All workers Billy Price Hat , regardless of their position have the right to be protected from injury in the workplace. It is also an employers obligation to make all employees aware of any issues which could affect their health or safety at work.

It is also the responsibility of the employee to take care of their own health and safety and that of those around them. An essential part of health and safety in the workplace is that workers and employers should cooperate ensuring legislation is maintained.

If you are an employee (full- or part-time, temporary or permanent), this information explains what your rights are, what you should expect from your employer, what responsibilities you have and where to go for help. It also applies to you if you are a young person doing work experience, an apprentice, charity worker, mobile worker or homeworker.
If you are a temporary, casual or agency worker, the employment businessagency, gangmaster, contractor or hirer you are working for has a legal duty to ensure you receive the rights set out here.

You have the right:
To work in places where all the risks to your health and safety are properly controlled.
To stop working and leave the area if you think you are in danger.
To inform your employer about health and safety issues or concerns.
To contact HSE or your local authority if you still have health and safety concerns and not get into trouble.
To join a trade union and be a safety representative.
To paid time off work for training if you are a safety representative.
To a rest break of at least 20 minutes if you work more than six hours at a stretch and to an annual period of paid leave.

You must:
Take care of your own health and safety and that of people who may be affected by what you do (or do not do).
Co-operate with others on health and safety, and not interfere with, or misuse, anything provided for your health, safety or welfare.

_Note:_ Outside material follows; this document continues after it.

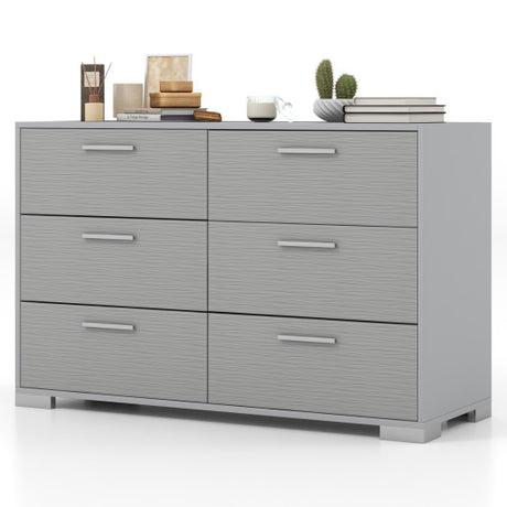 6 Drawer Storage Cabinet with Metal Legs Handles with Anti-Toppling Devices-Grey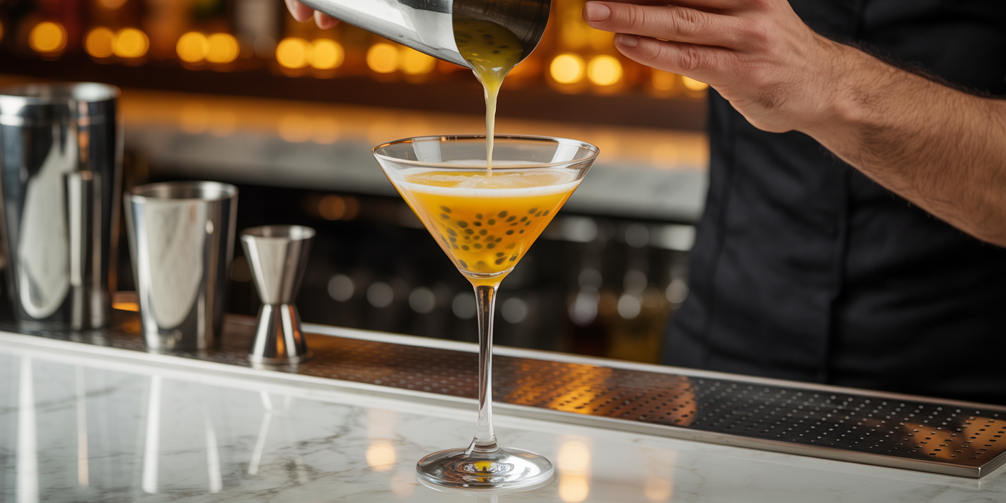 The recipe celebrates fresh passion fruit, creamy textures, and balanced sweetness, embodying modern cocktail innovation while maintaining an elegant and luxurious presentation.

Your employer must tell you:
About risks to your health and safety from current or proposed working practices.
About things or changes that may harm or affect your health and safety.
How to do your job safely.
What is done to protect your health and safety.
How to get first-aid treatment.
What to do in an emergency.

Your employer must provide, free of charge:
Training to do your job safely.
Protection for you at work when necessary (such as clothing, shoes or boots, eye and ear protection, gloves, masks etc).
Health checks if there is a danger of ill health because of your work.
Regular health checks if you work nights and a check before you start.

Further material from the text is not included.